Seth Stephens-Davidowitz, economista, autore ed opinionista della nota testata americana
The New York Times, ha di recente provato a suggerire
in un suo editoriale una correlazione tra determinate ricerche su Google, la loro posizione geografica, e il rapporto con la pandemia attualmente in corso. Ogni giorno infatti, milioni di persone in tutto il mondo digitano dei sintomi di un potenziale malessere, che sentono su di loro in quel momento, su Google. Sarebbe possibile usare queste ricerche per aiutare a
rilevare focolai sconosciuti di Covid-19, in particolare in parti del mondo con scarse infrastrutture dedicate ai test?
Non si tratta di un’ipotesi così impensabile, ma non è nemmeno un’idea nuova. Mentre sembrano esserci informazioni importanti sulla presenza di Covid-19 nei dati di ricerca, bisogna porre molta attenzione nella
costruzione di modelli basati su questi dati, imparando dai tentativi passati che hanno cercato di sfruttare tali informazioni per misurare la diffusione geografica di diverse malattie. È importante citare
un articolo del 2009 pubblicato su Nature, in cui i ricercatori hanno dimostrato che le ricerche di Google relative all'influenza avevano rispecchiato in modo accurato i dati settimanali sui tassi di influenza, diffusi dai Centri per il controllo e la prevenzione delle malattie. I ricercatori hanno usato questi termini di ricerca per costruire un modello al fine di aiutare a rilevare le epidemie prima che i dati ufficiali fossero raccolti.
Sebbene il modello abbia funzionato inizialmente, sono state riscontrate alcune difficoltà durante la pandemia di influenza H1N1 del 2009. Il problema era che l'influenza, essendo così presente e diffusa a livello mediatico, portava molte persone a cercarla su Google per paura e/o curiosità. In quel particolare caso,
l’aumento della percezione del pericolo per la malattia ha portato le ricerche Google a mostrare dati sull’influenza sballati, rispetto alle statistiche di contagio reale.
Pur considerando questo tipo di “contaminazione” all’interno dei dati, Seth Stephens-Davidowitz porta come un possibile esempio la situazione
in Ecuador nei primi giorni di aprile. I dati ufficiali mostrano come, mentre l'Ecuador ha tra i più alti tassi di casi pro-capite di Covid-19 in Sud America, ha anche un tasso più basso di Stati Uniti, Canada, Australia, Iran e gran parte dell'Europa. Allo stesso tempo, gli ecuadoregni stanno ora effettuando più ricerche relative alla perdita dell'olfatto rispetto a qualsiasi altro paese al mondo (come suggeriscono le statistiche di Google). Le ricerche di "
no puedo oler" ("Non riesco a sentire l'odore") sono circa 10 volte più numerose in Ecuador rispetto ad un paese come la Spagna, anche se il primo stato riporta ufficialmente meno di un decimo di casi pro capite.

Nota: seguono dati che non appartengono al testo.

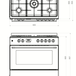 The Ferre F9S60GF-IN 90cm Gas Range Cooker combines robust cooking power with flexible performance, making it ideal for busy kitchens
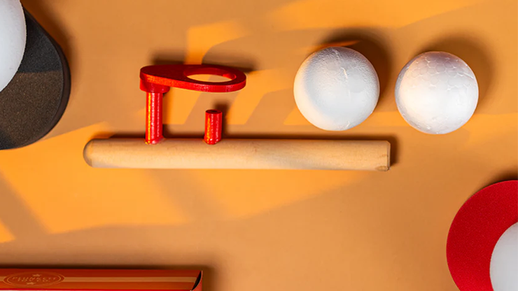Vous commencez par montrer un jouet en bois classique à votre public : un tuyau en bois et une boule de polystyrène. Vous soufflez ensuite de l’air dans le tuyau, faisant flotter la boule dans les airs comme par magie. Sous les rires de votre public, vous saisissez la boule et la tapez avec le jouet en bois. La boule semble solide, contrairement à la mousse de polystyrène. Vous la laissez ensuite tomber au sol, surprenant le public lorsqu’un grand BANG se fait entendre lorsque la boule touche le sol. Ensuite, la boule se transforme lentement en un VRAI œuf léger et délicat ! Enfin, vous cassez l’œuf dans un verre et regardez le public être époustouflé par la série d’événements qui viennent de se produire !
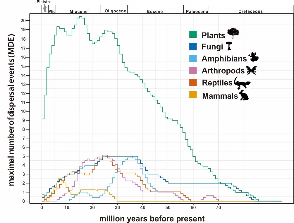本研究进一步揭示了欧亚大陆和北美大陆之间不同生物类群的扩散事件具有不同的高峰期。由于在古新世和始新世早期,混合落叶阔叶林和常绿亚热带森林的北方热带植物区系带广泛分布于北半球,白令陆桥在这段时间是主要的扩散通道,此时适应温暖环境的生物类群包括两栖动物、爬行动物和昆虫在这期间的扩散事件中占主导地位,两栖动物的扩散非常显著。昆虫、爬行动物、两栖动物和真菌在两大陆间的生物交换发生的时间(~40-25 Ma)比植物和哺乳动物更早(~25-8 Ma)。

Gli ecuadoriani sono primi in classifica anche per ricerche di febbre, brividi e diarrea. I dati di ricerca, in altre parole, suggeriscono che l'Ecuador potrebbe essere ancora più un epicentro di Covid-19 di quanto affermino i dati ufficiali.

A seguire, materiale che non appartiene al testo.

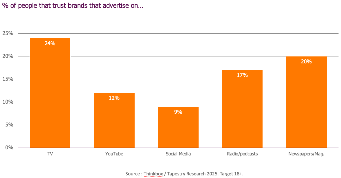 Deux fois plus de personnes font confiance aux marques qui font de la publicité à la télévision qu’à celles qui font de la publicité sur YouTube.
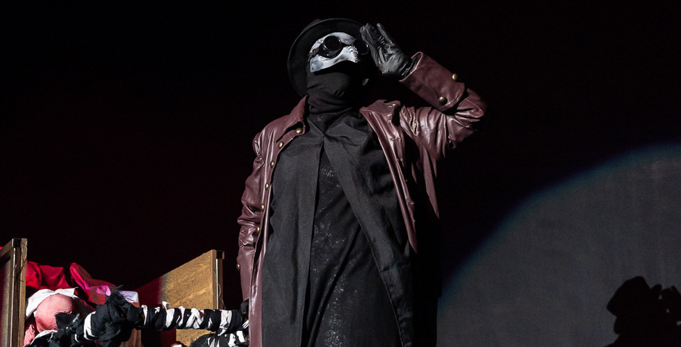 A plague masked figure calls out to "Bring out your dead!" in advance of Megadeth's set
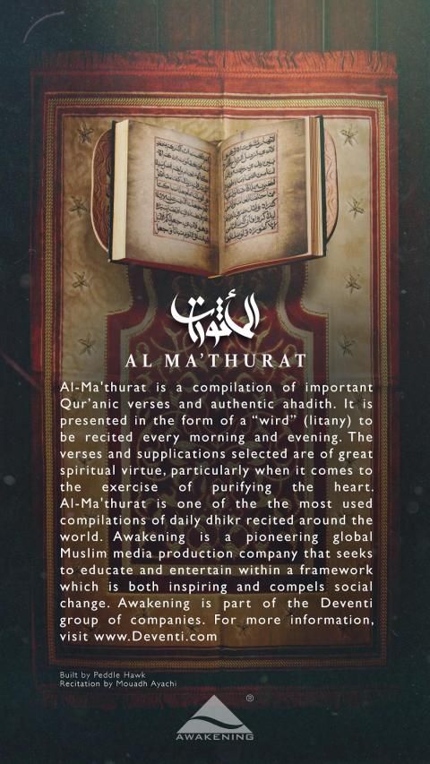 Al-Ma'thurat adalah kompilasi dari ayat-ayat penting Qur'an dan hadits otentik. Ini disajikan dalam bentuk “wird” (litani) untuk dibaca setiap pagi dan sore hari. Ayat-ayat dan permohonan yang dipilih memiliki sifat spiritual yang luar biasa, terutama dalam hal memurnikan hati. Al-Ma'thurat adalah salah satu kompilasi dzikir harian yang paling banyak digunakan di seluruh dunia. Awakening adalah perusahaan produksi media Muslim global perintis yang berupaya mendidik dan menghibur dalam kerangka kerja yang menginspirasi sekaligus mendorong perubahan sosial. Kebangkitan adalah bagian dari kelompok perusahaan Deventi. Untuk informasi lebih lanjut, kunjungi www. Deventi.com

Tra i tentativi passati e l’esempio portato dall’economista, sta sempre più emergendo l’importanza di produrre nuovi metodi per
migliorare i modelli di tracking delle malattie basati sui big data, contribuendo a rilanciare progetti di monitoraggio di questo tipo. È fondamentale individuare e raccogliere solo le ricerche che hanno più probabilità di essere segnalazioni di sintomi, piuttosto che quelle relative alle notizie.

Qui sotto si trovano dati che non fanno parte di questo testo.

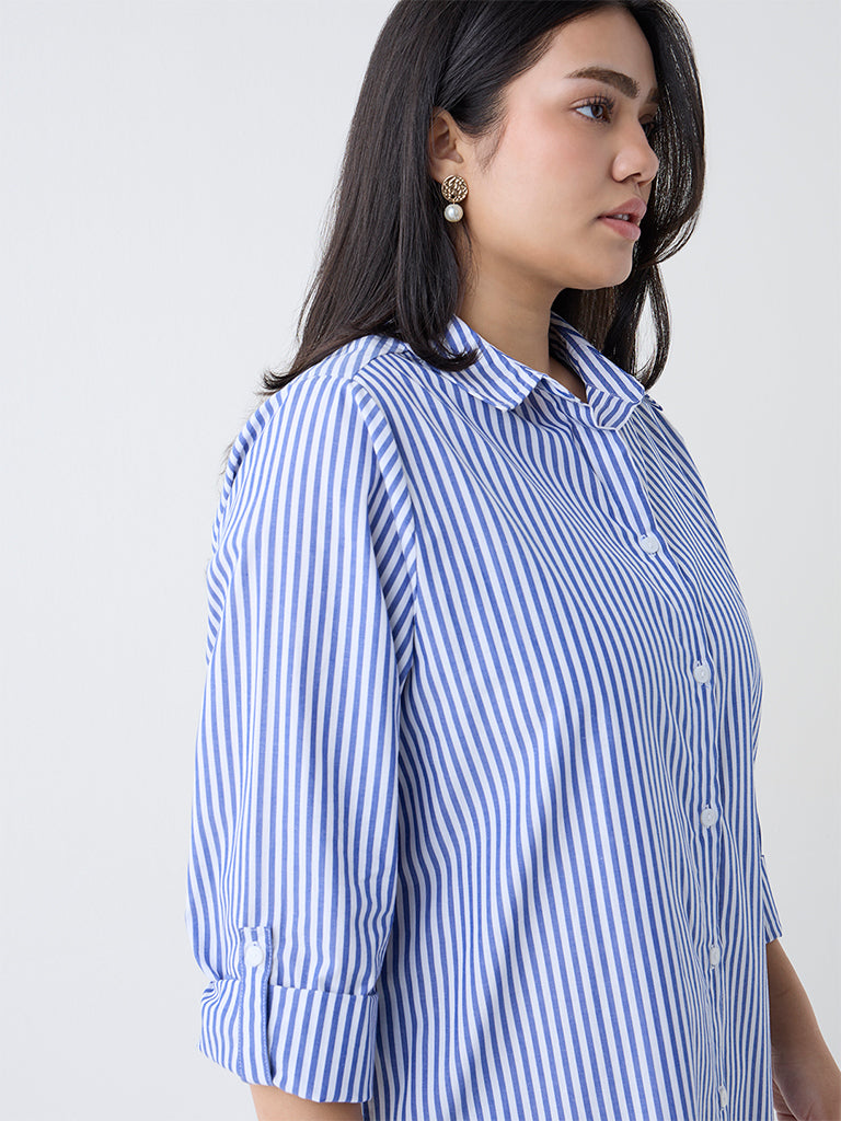 Gia Blue Striped Cotton Shirt Dress

Query come "Non riesco a sentire l'odore" sono particolarmente utili, perché la struttura delle stesse suggerisce che colui che la sta digitando possa effettivamente aver contratto la malattia; diversamente, altre query relative alla perdita dell'olfatto in generale potrebbero invece suggerire una semplice curiosità sull'argomento.
È plausibile che fatti importanti sulla malattia di Covid-19 possano essere trovati su Google Trends (che ricordiamo, diffonde tutto
pubblicamente e gratuitamente) o in altri grandi set di dati da data scientist, esperti medici o persino da investigatori di dati amatoriali, ed è altrettanto fondamentale che debba essere fatto tutto il possibile per trarre valore dalla loro interpretazione.